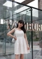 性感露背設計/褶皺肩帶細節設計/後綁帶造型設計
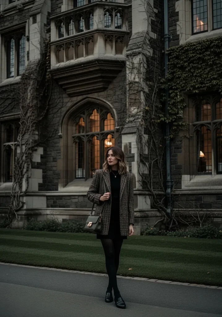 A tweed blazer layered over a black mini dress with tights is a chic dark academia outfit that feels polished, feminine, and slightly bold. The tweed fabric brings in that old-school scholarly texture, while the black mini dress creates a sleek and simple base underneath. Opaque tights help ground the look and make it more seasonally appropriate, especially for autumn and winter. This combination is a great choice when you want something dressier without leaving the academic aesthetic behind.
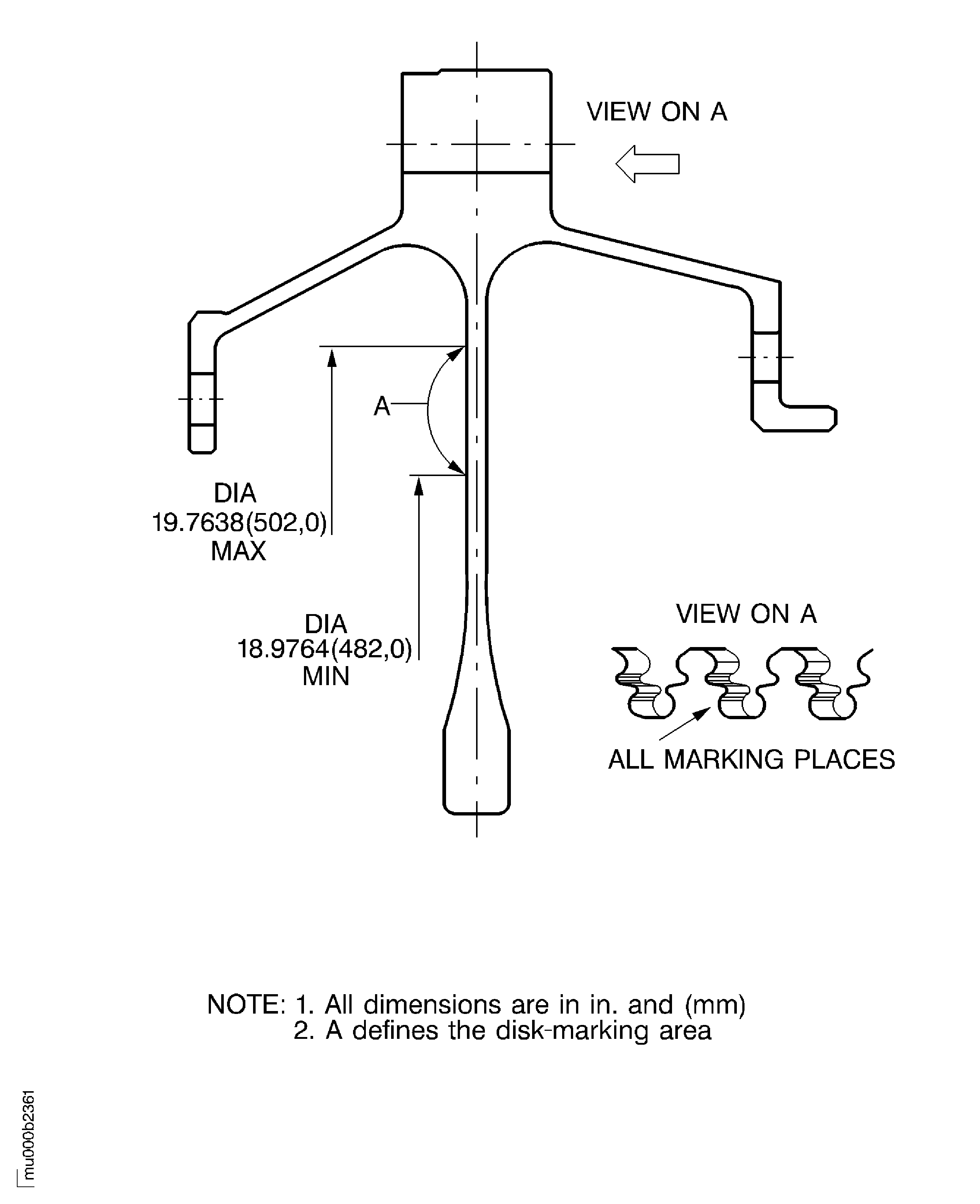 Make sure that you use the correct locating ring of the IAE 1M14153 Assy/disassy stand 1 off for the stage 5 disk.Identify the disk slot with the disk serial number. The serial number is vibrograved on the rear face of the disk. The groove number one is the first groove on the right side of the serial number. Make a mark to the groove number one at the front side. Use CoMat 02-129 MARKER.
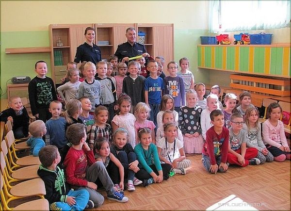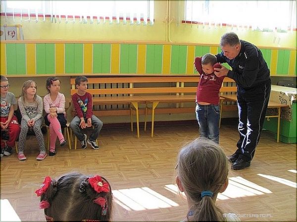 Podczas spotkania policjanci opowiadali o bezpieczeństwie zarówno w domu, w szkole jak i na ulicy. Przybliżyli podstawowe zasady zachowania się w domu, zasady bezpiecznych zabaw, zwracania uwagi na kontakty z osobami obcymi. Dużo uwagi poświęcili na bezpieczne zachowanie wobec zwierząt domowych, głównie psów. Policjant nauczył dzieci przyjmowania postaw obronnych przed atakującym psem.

########

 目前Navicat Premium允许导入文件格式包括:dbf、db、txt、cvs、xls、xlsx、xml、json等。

########

* **Your instructions**
From the records above, write out exactly the lines that begin at the line with "性感露背設計/褶皺肩帶細節設計/後綁帶造型設計" and end at the line with "Podczas spotkania policjanci". Pictures must not appear in the output.

* **Finished exercise**
 性感露背設計/褶皺肩帶細節設計/後綁帶造型設計
 A tweed blazer layered over a black mini dress with tights is a chic dark academia outfit that feels polished, feminine, and slightly bold. The tweed fabric brings in that old-school scholarly texture, while the black mini dress creates a sleek and simple base underneath. Opaque tights help ground the look and make it more seasonally appropriate, especially for autumn and winter. This combination is a great choice when you want something dressier without leaving the academic aesthetic behind.
 Make sure that you use the correct locating ring of the IAE 1M14153 Assy/disassy stand 1 off for the stage 5 disk.Identify the disk slot with the disk serial number. The serial number is vibrograved on the rear face of the disk. The groove number one is the first groove on the right side of the serial number. Make a mark to the groove number one at the front side. Use CoMat 02-129 MARKER.
 Podczas spotkania policjanci opowiadali o bezpieczeństwie zarówno w domu, w szkole jak i na ulicy. Przybliżyli podstawowe zasady zachowania się w domu, zasady bezpiecznych zabaw, zwracania uwagi na kontakty z osobami obcymi. Dużo uwagi poświęcili na bezpieczne zachowanie wobec zwierząt domowych, głównie psów. Policjant nauczył dzieci przyjmowania postaw obronnych przed atakującym psem.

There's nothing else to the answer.